Introducere: Rezistenţa în creştere a tulpinilor bacteriene la carbapeneme are o implicaţie particulară nosocomială, care necesită noi cunoştinţe asupra evoluţiei rezistenţei şi a consecinţelor asupra îngrijirii pacienţilor. Obiectivele acestui studiu au fost cunoaşterea prevalenţei şi descrierea unor caracteristici epidemiologice ale tulpinilor rezistente la carbapeneme care au fost izolate de la pacienţi spitalizaţi. 
Metodă: A fost realizat un studiu transversal pentru perioada 2009-2015, creând o bază de date cu tulpinile care au fost testate pentru sensibilitate la carbapeneme şi o alta pentru antibioticele folosite în spital. Analiza statistică descriptivă şi corelaţională a fost efectuată cu programele EpiInfo şi Excel.  
Rezultate: Nivelul rezistenţei la Imipenem a fost de 20.1% (interval: 5,6-37,8%), semnificativ mai mare (z=3,032; p=0,002432) faţă de cel la Meropenem, care a fost de 15,8% (interval: 5,6-23,3%) din tulpinile testate. Pacienţii au fost în 65,9% din cazuri (CI 95%; 57,63-73,5) bărbaţi, iar vârsta medie a fost 61,45 ani. Constant, în perioada de studiu, izolatele rezistente au fost specii de Pseudomonas şi Acinetobacter, izolate mai des din urină şi sânge. Cantitatea de carbapeneme administrate pacienţilor a crescut de la 0,28 g/pacient la 1,12 g/pacient pe perioada unui an întreg şi, comparativ cu evoluţia prevalenţei rezistenţei, asocierea a fost puternică între acestea, la un nivel de 86,9% al coeficientul de corelaţie.
Concluzii: Prevalenţa tulpinilor rezistente la carbapeneme a avut o evoluţie crescătoare semnificativă, a fost mai mare la Imipenem şi foarte bine corelată cu cantitatea de carbapeneme administrată pacienţilor. Tulpinile au fost în principal izolate din urină şi sânge, de la persoane adulte, fiind în principal specii din genul Pseudomonas şi Acinetobacter.
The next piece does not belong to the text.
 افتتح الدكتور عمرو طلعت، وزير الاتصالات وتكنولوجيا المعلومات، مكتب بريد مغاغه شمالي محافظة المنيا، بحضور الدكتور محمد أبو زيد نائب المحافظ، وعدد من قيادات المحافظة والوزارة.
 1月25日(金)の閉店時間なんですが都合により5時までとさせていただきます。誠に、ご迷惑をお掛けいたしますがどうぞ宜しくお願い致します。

Carbapenems are beta-lactam antibiotics with a broad spectrum activity, mainly used as empiric therapy in the treatment of infections with suspected or documented multi-resistant strains and particularly for infections caused by Gram-negative germs(1,2). These antibiotics are administered in hospital, mainly for severe bacterial infections with complications, which are often nosocomial. On the other hand, in hospitals, the extensive use of antibiotics creates a selection pressure and allows, in favorable environmental conditions, a massive multiplication of resistant strains. In addition, in clinical wards, the probability of germs transmission can be high, and for opportunistic germs the first step in the development of an infection it’s the carriage status(3). Further, the carriage duration, alongside the personal risk factors (as age, chronic pathology and immunodeficiency) and medical invasive interventions (particularly medical devices implantation) accelerate the occurrence of infections.    
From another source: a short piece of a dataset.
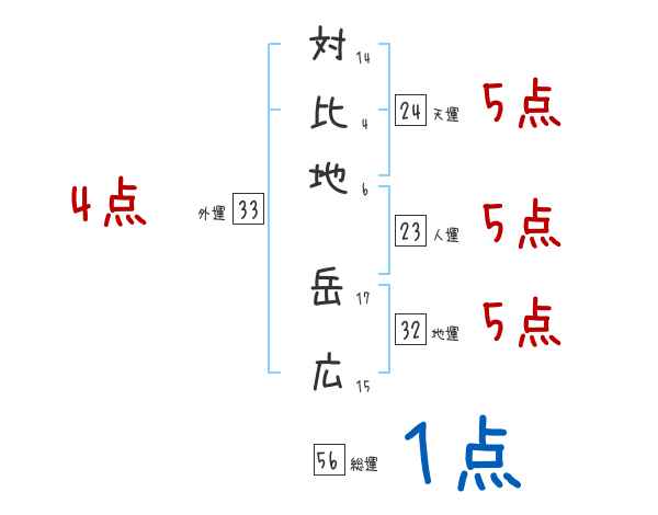 外運![]() | 対比地岳広さんの外運は33画の4つ星!権力志向でプライドが高い。勇気があり運を切り開き成功する。 生活面を象徴する運勢です。外部から受ける影響力を表し、結婚運、家庭運や職場、環境への順応性を表します。 |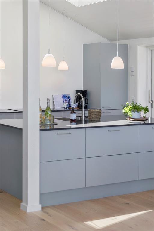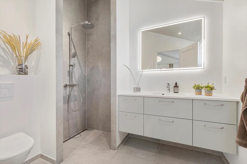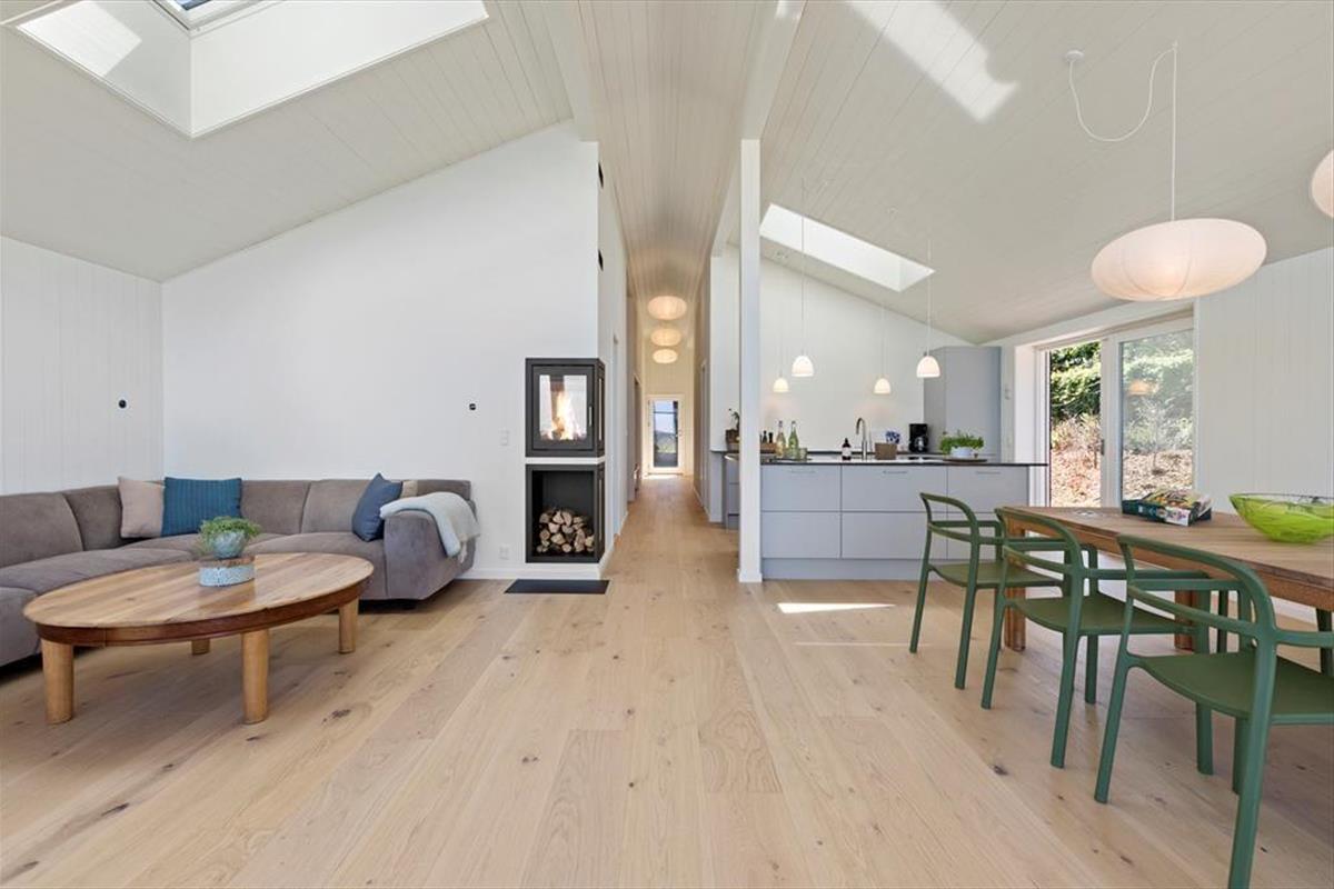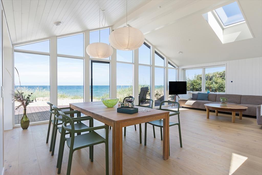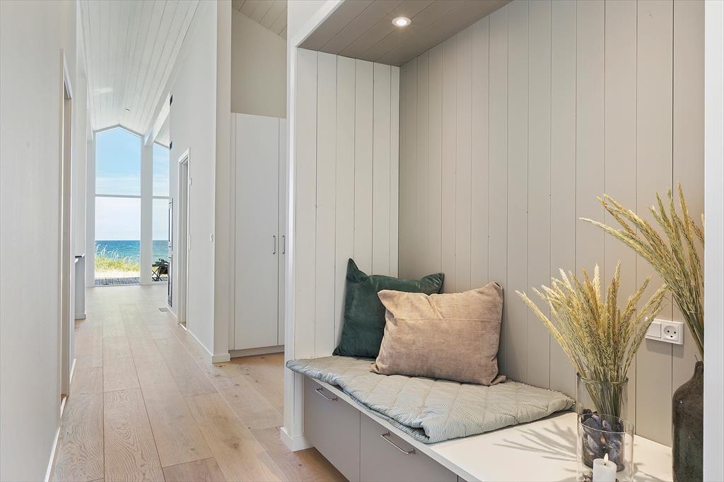 Willkommen in diesem außergewöhnlichen, neu gebauten Ferienhaus am Strand von Liseleje. Wenn Sie eintreten, werden Sie sofort die moderne und stilvolle Einrichtung bemerken, die eine einladende Atmosphäre schafft. Das Haus ist mit großen Panoramafenstern gestaltet, die den herrlichen Meerblick ins Wohnzimmer und weiter durch das ganze Haus strömen lassen. Hier können Sie die atemberaubende Aussicht von der bequemen Couch im Wohnzimmer oder während der Zubereitung von Mahlzeiten in der gut ausgestatteten Küche genießen. Jedes Zimmer ist mit Fokus auf Komfort und Ästhetik eingerichtet, was den perfekten Rahmen für Gemütlichkeit und Entspannung schafft.

For the class of carbapenems, the emergence of the resistance (more than 20 years ago) created multiple and important implications in different directions: regarding the efficacy of the possible etiologic treatment (especially for Gram-negative pathogens), existing only a few alternatives, that entail a severe clinical evolution of the patient, with a high risk of death and thus epidemiologically, increasing the probability of transmission in clinical wards to other patients(4,5). The impact of the consequences of the carbapenems-resistant strains can be reduced by a careful epidemiological surveillance of circulating strains, the monitoring and description of their sensibility for gathering information to select appropriate control and prevention measures, in the condition of the absence, until now, of new effective antibiotics(5,6). Regarding the epidemiological importance, there are already observations about nosocomial transmissions and outbreak manifestations in intensive care units, particularly caused by Klebsiella pneumoniae producing carbapenemase (KPC) strains(1,2,7,8).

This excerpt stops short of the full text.